Fruit salad and yogurt
Wholegrain toast with honey

Lunch

Turkey breast with baked sweet potato
Green salad with low fat dressing

Dinner

Chicken breast, whole grain pasta and zucchini
Dessert
Fresh fruit

Usually walking and weight training is to increase muscle strength and metabolism, however t dietary changes are the most important factor for those who wish to lose weight.

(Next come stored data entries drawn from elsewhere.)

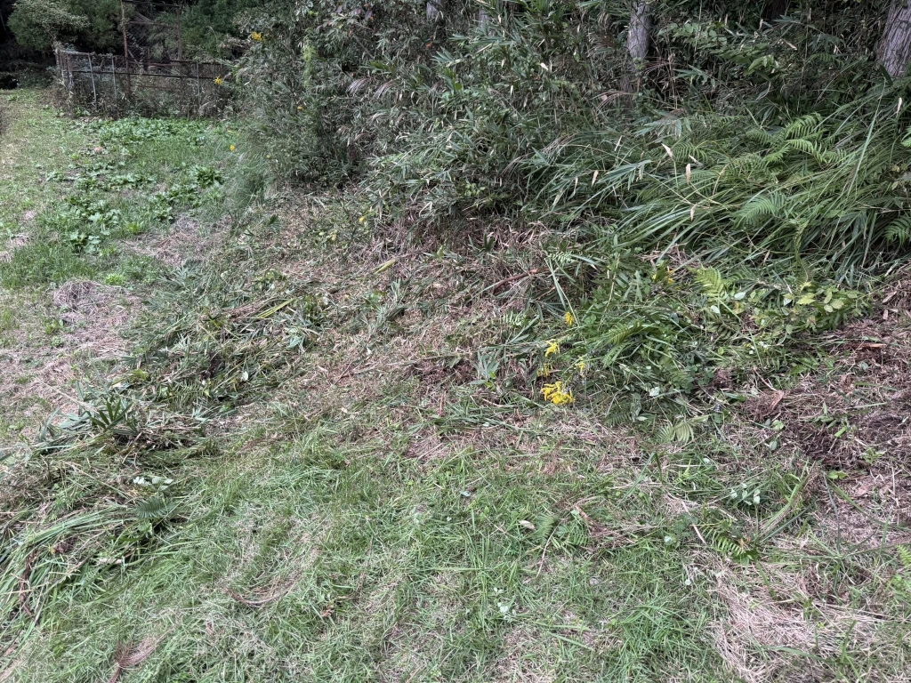 帰宅して、15時頃から「草刈り」。笹とつる草に四苦八苦。少しだけ押し戻せた。
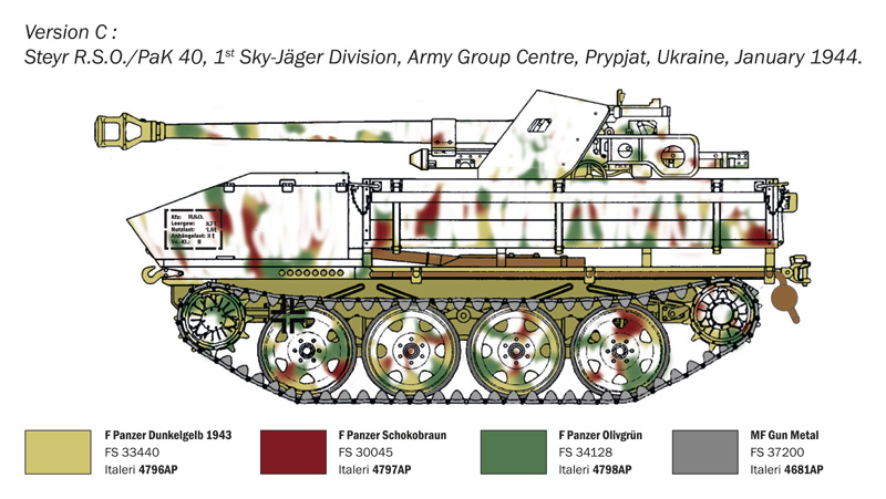 Italeri - 1/35 Steyr Rso Spg with PaK-40 Glueable Rubber Tracks, New Decals Sheet For 3 Versions Color Instruction SHEET
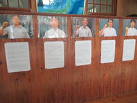 昇降口前廊下には、立候補者5人の顔写真と決意が掲示されています。
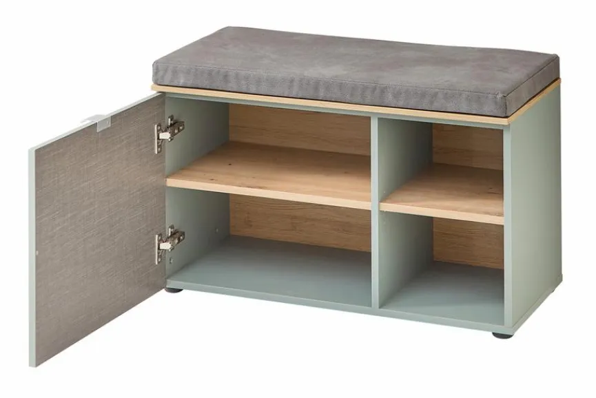 Für mehr Komfort und Ordnung im Flur und Eingangsbereichen ist die Garderobenbank Bari von Innostyle ein idealer Interior-Sidekick. Ein weich gepolstertes Sitzkissen sorgt bei dieser hübschen Umkleidebank für fantastische Bequemlichkeit, während in ihren Fächern Schuhe und andere Kleinigkeiten ruckzuck hineingestellt werden können. Die Hälfte des Stauraums verbirgt bei der Garderobenbank Bari eine Tür zum Aufklappen, die für ein harmonisches Design und wohltuende optische Ruhe sorgt.
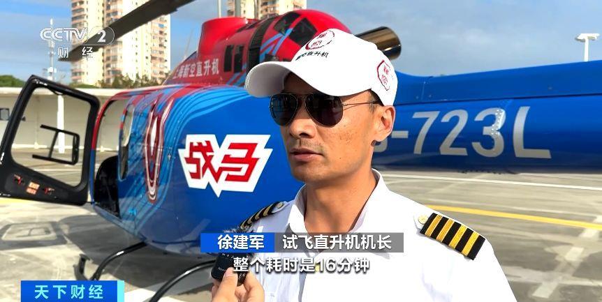 试飞直升机机长徐建军:7时32分从上海浦东的星野直升机飞行基地起飞,7时48分在上海金山水上机场落地,整个耗时16分钟。我们在8时从金山水上机场起飞,在8时20分之前在海宁落地。
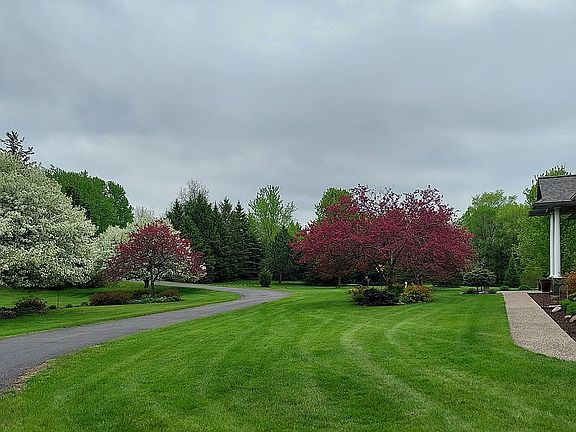 New roof 2020, new geothermal heating/cooling system 2020, new hot water heaters in 2020, new appliances. Approx. 9 acres (6 wooded). In-floor heating throughout, sprinkler system, 3 car garage deep enough for quad-cab trucks. Open concept throughout with lots of natural light. Upstairs main area 11ft ceilings, 9 ft in other rooms, all bedrooms oversized can fit king size bedroom sets and have plenty of natural light. Large three season deck recently updated with windows, glass rails, shades, cedar shake, maintenance free decking and overlooking sandstone patio with fire pit in front of large pond with bluegills and sunfish. Upstairs living and dining areas have a beautiful solid walnut 8ft x10ft entertainment center and 11ft x 8ft solid cherry breakfast buffet. Finished basement, including gorgeous 8ftx6ft L-shaped solid cherry bar. Windows throughout are large and swing completely around to allow cleaning from within house. Basement walkout to sandstone patio and fire pit in front of pond. Pond is aerated. Large 30ftx72ft heated garage/workshop offset of house and an area offset to park RV or other equipment.
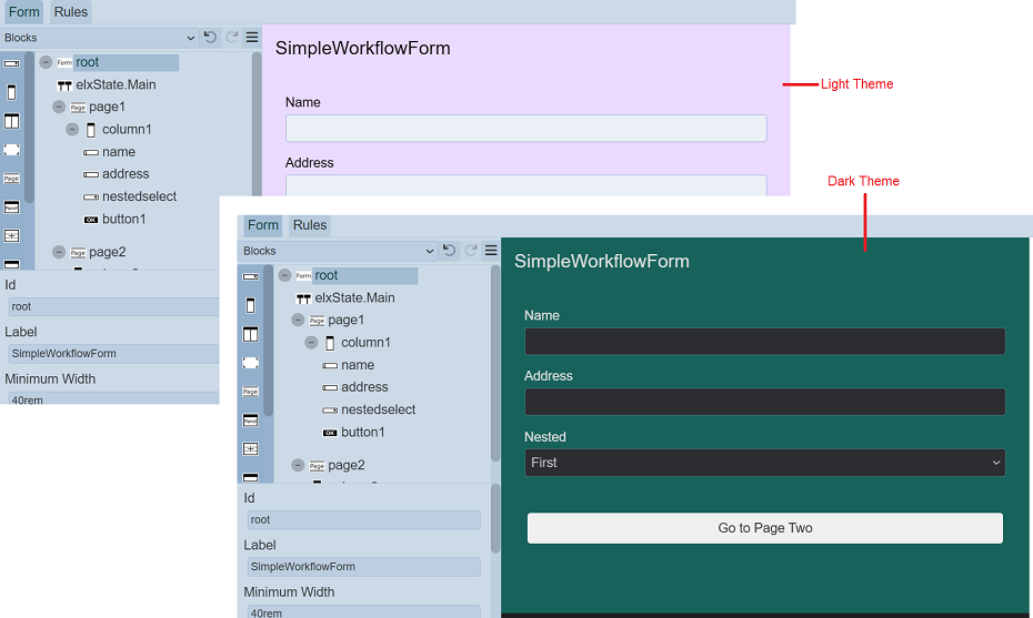 | Minimum Width | Defines the minimum width of the form. | “40rem” |
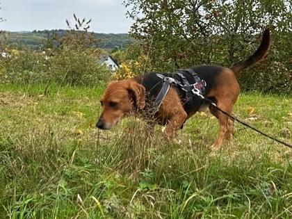 Deine Spaziergänge sind kleine Abenteuer. Schon das Anziehen des Sicherheitsgeschirrs ist für dich ein einziges Fest voller Vorfreude – du kugelst dich begeistert hin und her, bis wir es mit viel Lachen endlich geschafft haben. Im Auto fährst du gerne mit, denn das bedeutet meistens: Wald, Natur, Freiheit! Dort wirst du ganz zum Dackel – schnüffeln, buddeln, entdecken, mit glänzenden Augen und voller Lebensfreude, allerdings alles nur an der Schleppleine, mein großer Jäger.
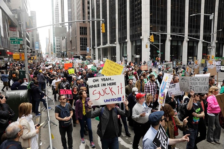People march demanding President Donald Trump release his tax returns, in New York
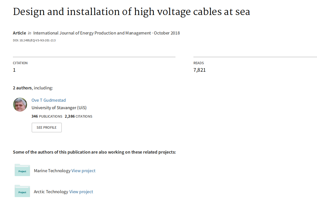斯塔万格大学---海上高压电缆的设计和安装(Design and itallation of high voltage cables at sea) - 无图版
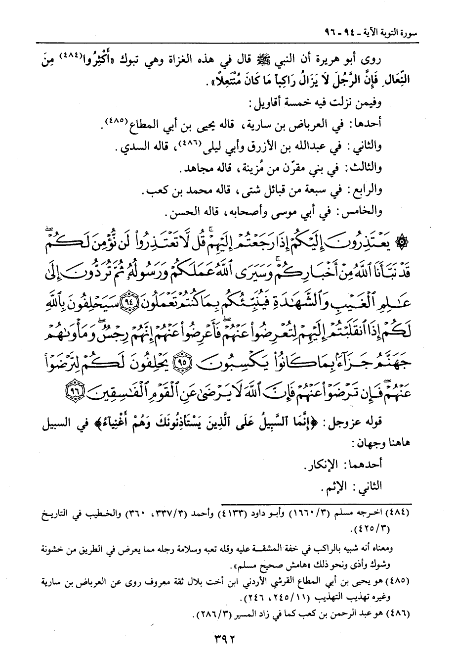 روى أبو هريرة أن النبي صلى الله عليه وسلم قال في هذه الغزاة وهي تبوك (أَكْثِرُوا مِنَ النِّعَالِ فَإِنَّ الرَّجُلَ لاَ يَزَالُ رَاكباً مَا كَانَ مُنْتَعِلاً). وفيمن نزلت فيه خمسة أقاويل: أحدها: في العرباض بن سارية , قاله يحيى بن أبي المطاع. والثاني: في عبد الله بن الأزرق وأبي ليلى , قاله السدي. والثالث: في بني مقرّن من مُزينة , قاله مجاهد. والرابع: في سبعة من قبائل شتى , قاله محمد بن كعب. والخامس: في أبي موسى وأصحابه , قاله الحسن.
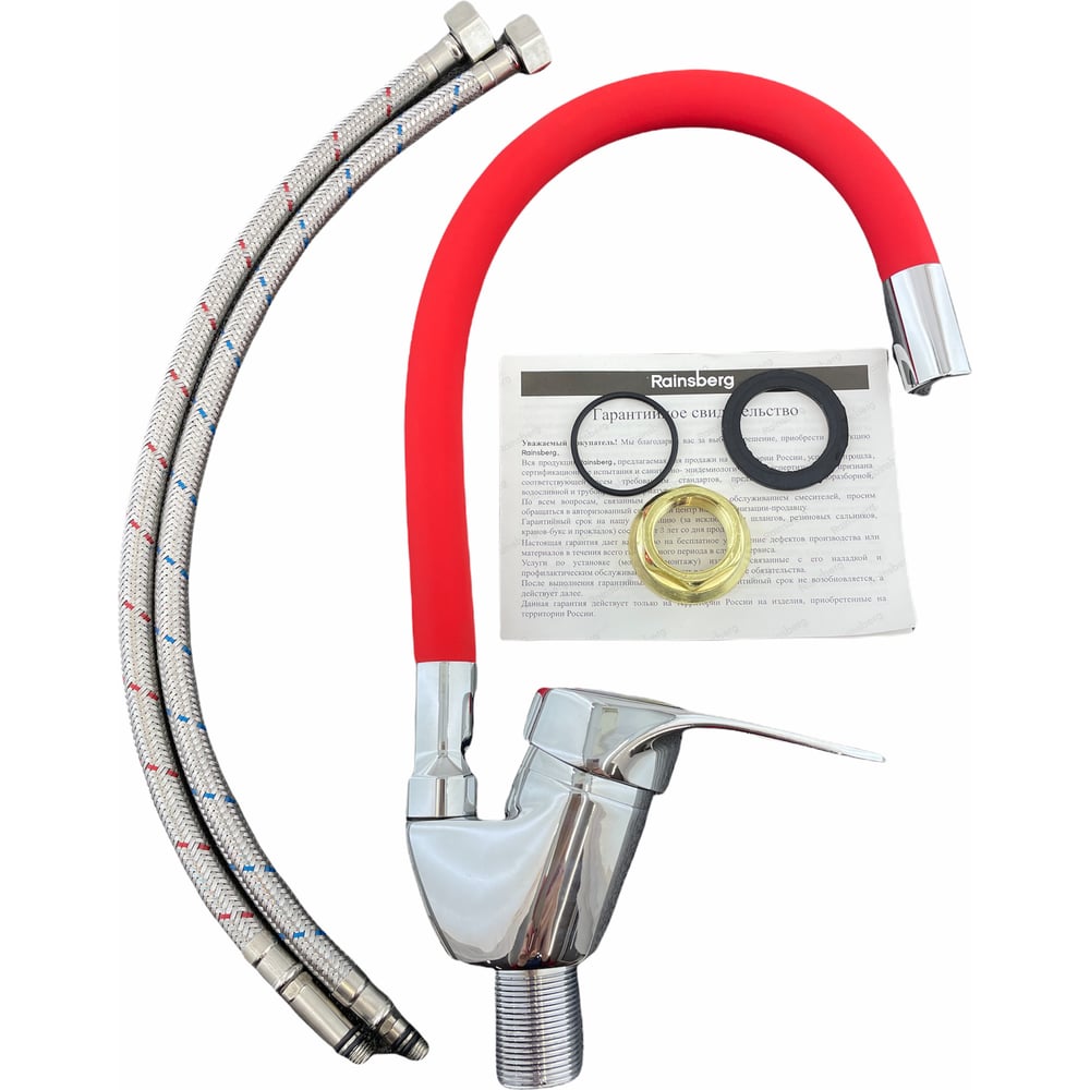 Смеситель для кухни Rainsberg с гибким силиконовым изливом, красный R3193F-8
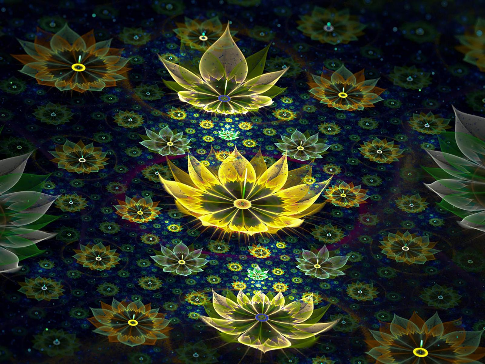 Wallpaper Beautiful 3d flowers on a black background
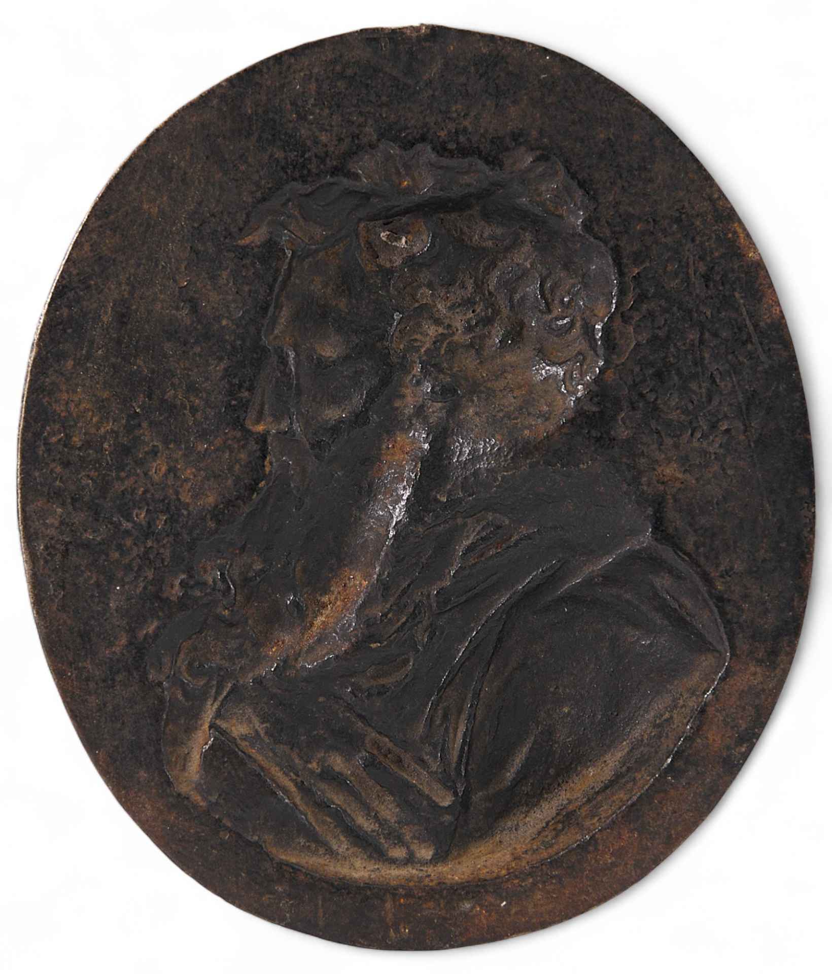 На гладкой овальной пластине рельефное, погрудное. профильное (вправо) изображение пожилого мужчины в тоге, с кудрявыми волосами и бородой. Кисть правой руки прижата к груди.

Look for other low carbohydrate and high carbohydrate foods and you can easily burn excess fat in the body and feed the muscle.

Go through the link given below for effective knowledge on the fat burning foods

Click Here!


Costs and Expenses

The Burn the Fat and Feed the muscle retails for $39.95.

BONUS #1: Foods That Burn Fat.
BONUS #2: Foods That Turn To Fat.
BONUS #3: The A food B food lecture: How to get good grades on your food choices.
Bonus #4: How to measure your body fat
BONUS #4: FREE Updates to the Burn the Fat, Feed the Muscle e-book. (Value: At LEAST $197.00).

Pros

* Good for people who don’t want to give up carbs but still would like the benefits of a low carbohydrates diet.
* Can help reduce food cravings and addiction to carbohydrates. May assist with the management of hypoglycemia and other blood glucose imbalances.
* Once a week ‘cheat meal’ can help reduce the stress of dieting continually and may increase the ability to stick with the diet.
* Carb and calorie cycling can keep the metabolism running smoothly.
* Can be adapted to suit vegetarians.
* Emphasizes high quality nutritious foods.
* Includes meal plans and recipes.

Cons

* Fairly restrictive plan especially on low carb days.
* May require more expense and time spent on food preparation as no processed foods are allowed.
* Some dieters may have difficulty maintaining control after the ‘cheat meal’
* Robb includes religious references in his book that may be disagreeable to non-Christian readers.

Conclusions

This diet will take a certain degree of discipline to maintain but for dieters who are committed it may provide a solution for the reduction in energy levels and metabolism that can occur with low carb diets.

It is especially recommended for dieters who have trouble sticking to low carbohydrate diets but also do not achieve results on standard dietary approaches. Allowing dieters to eat carbohydrates every other day has psychological and physiological benefits that may increase the likelihood of success.